On a tiré sur le pape !
En ce 13 mai 1981, comme à son habitude, le Saint-Père fait le tour de la place Saint-Pierre en voiture découverte (la fameuse “papamobile”) pour se rendre à son audience générale hebdomadaire du mercredi. Alors qu’il se fraie un chemin à travers la foule des 20 000 fidèles, retentissent plusieurs coups de feu. Comme en témoigne Mgr Stanislas Dziwisz, le secrétaire particulier du pape, présent à ses côtés dans la voiture : « Le bruit avait été assourdissant. Tous les pigeons se sont envolés. […] J’ai vu que le Saint-Père était touché. Il vacillait mais on ne voyait sur lui ni sang ni blessure. Alors j’ai demandé : “Où ?” Il m’a répondu : “Au ventre”. J’ai encore demandé: “Est-ce douloureux ?” Il a répondu : “Oui”. […] Les yeux fermés, il souffrait beaucoup et répétait de courtes prières. Si je me souviens bien, c’était surtout : “Marie, ma mère! Marie, ma mère !” »

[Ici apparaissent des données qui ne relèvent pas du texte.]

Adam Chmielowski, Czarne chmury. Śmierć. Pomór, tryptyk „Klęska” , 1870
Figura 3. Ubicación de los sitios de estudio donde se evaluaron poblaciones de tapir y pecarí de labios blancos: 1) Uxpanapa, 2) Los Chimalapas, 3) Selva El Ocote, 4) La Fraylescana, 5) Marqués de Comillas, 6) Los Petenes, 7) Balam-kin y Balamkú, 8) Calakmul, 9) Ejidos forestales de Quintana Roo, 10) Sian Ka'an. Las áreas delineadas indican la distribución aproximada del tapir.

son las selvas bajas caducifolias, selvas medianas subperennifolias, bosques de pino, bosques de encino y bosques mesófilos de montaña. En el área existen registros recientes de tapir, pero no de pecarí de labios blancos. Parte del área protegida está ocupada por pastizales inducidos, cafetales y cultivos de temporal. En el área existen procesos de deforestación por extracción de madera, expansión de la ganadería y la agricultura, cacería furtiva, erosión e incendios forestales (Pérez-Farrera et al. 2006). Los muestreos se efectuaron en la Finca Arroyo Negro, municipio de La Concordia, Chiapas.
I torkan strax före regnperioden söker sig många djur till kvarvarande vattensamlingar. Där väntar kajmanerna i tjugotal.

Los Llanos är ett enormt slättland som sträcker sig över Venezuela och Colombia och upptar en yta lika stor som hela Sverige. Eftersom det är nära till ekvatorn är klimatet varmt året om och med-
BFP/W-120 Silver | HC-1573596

Le trajet vers l’hôpital Gemelli, qui prend d’ordinaire trente minutes dans la circulation romaine, fut bouclé par l’ambulance en huit minutes. Jean-Paul II avait été touché trois fois, au bras gauche, à la main droite, et surtout à l’abdomen, qu’il fallut opérer pendant plus de cinq heures.
Le mystère demeure
L’auteur des coups de feu fut immédiatement maîtrisé. Il s’agissait d’un jeune Turc, Mehmet Ali Agça, membre d’une organisation secrète d’extrême-droite, les Loups gris. Agça se décrit lui-même comme un mercenaire sans orientation politique, prêt à faire n’importe quoi pour de l’argent. Emprisonné à vie en 1979 pour avoir tué Abdi Ipekçi, rédacteur en chef du journal de centre-gauche Milliyet, il réussit à s’évader avec la complicité des Loups gris. C’est alors qu’il commence à voyager dans la région méditerranéenne, changeant de passeports et d’identités pour brouiller les pistes.

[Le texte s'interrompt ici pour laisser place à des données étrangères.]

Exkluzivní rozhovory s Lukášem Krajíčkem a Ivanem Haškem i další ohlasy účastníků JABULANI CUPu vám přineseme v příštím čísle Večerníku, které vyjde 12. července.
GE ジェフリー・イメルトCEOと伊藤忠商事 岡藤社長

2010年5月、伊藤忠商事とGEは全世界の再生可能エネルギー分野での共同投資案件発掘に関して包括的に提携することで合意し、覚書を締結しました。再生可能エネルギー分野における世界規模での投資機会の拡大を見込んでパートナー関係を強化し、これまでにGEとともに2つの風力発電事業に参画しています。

Le plan initial prévoyait qu’un complice, Oral Celik, fasse exploser une bombe juste après les coups de feu pour provoquer la panique et permettre aux deux acolytes de retourner à l’ambassade de Bulgarie. Mais le moment venu, Celik paniqua à son tour, et ne put se résoudre à la faire exploser.
Si le déroulement de l’attentat nous est bien connu, le mystère demeure sur l’origine du commanditaire et ses motivations. La piste la plus souvent évoquée serait celle d’une origine bulgare commanditée par le GRU, le service de renseignement militaire soviétique. D’autres hypothèses circulent. Certains y voient la main de la mafia turque commanditée par la mafia italienne, d’autres estiment qu’Ali Agça a agi de son propre chef. On évoque aussi une piste islamique. Quoiqu’il en soit, il faut se rendre à l’évidence : on ne dispose toujours pas d’une preuve tangible.
La piste soviétique semble la plus probable, le pouvoir communiste voyant en lui une menace sérieuse d’un genre inédit, celle d’une révolution par la foi et la force de l’esprit telle qu’elle s’incarne dans l’émergence du syndicat polonais Solidarnosc mené par Lech Walesa.
Un pardon sous le signe de l’amour
Pour Jean-Paul II, une chose est certaine : c’est à un miracle de Notre Dame de Fatima qu’il doit la vie. Il ne manque pas de faire remarquer que la date de l’attentat – le 13 mai – est aussi celle de la première apparition de la Vierge Marie aux jeunes enfants de Fatima (13 mai 1917). Et selon lui, cet attentat est bien celui dont il est fait mention dans le troisième et dernier secret de Fatima.
À Noël 1983, le saint-père se rendra dans la cellule d’Ali Agça pour lui accorder son pardon. La photo fera le tour du monde. En révélant toute l’étendue et la force concrète de l’amour, Jean-Paul II nous montre comment la foi et le pardon peuvent se vivre en une vie humaine, ici et maintenant.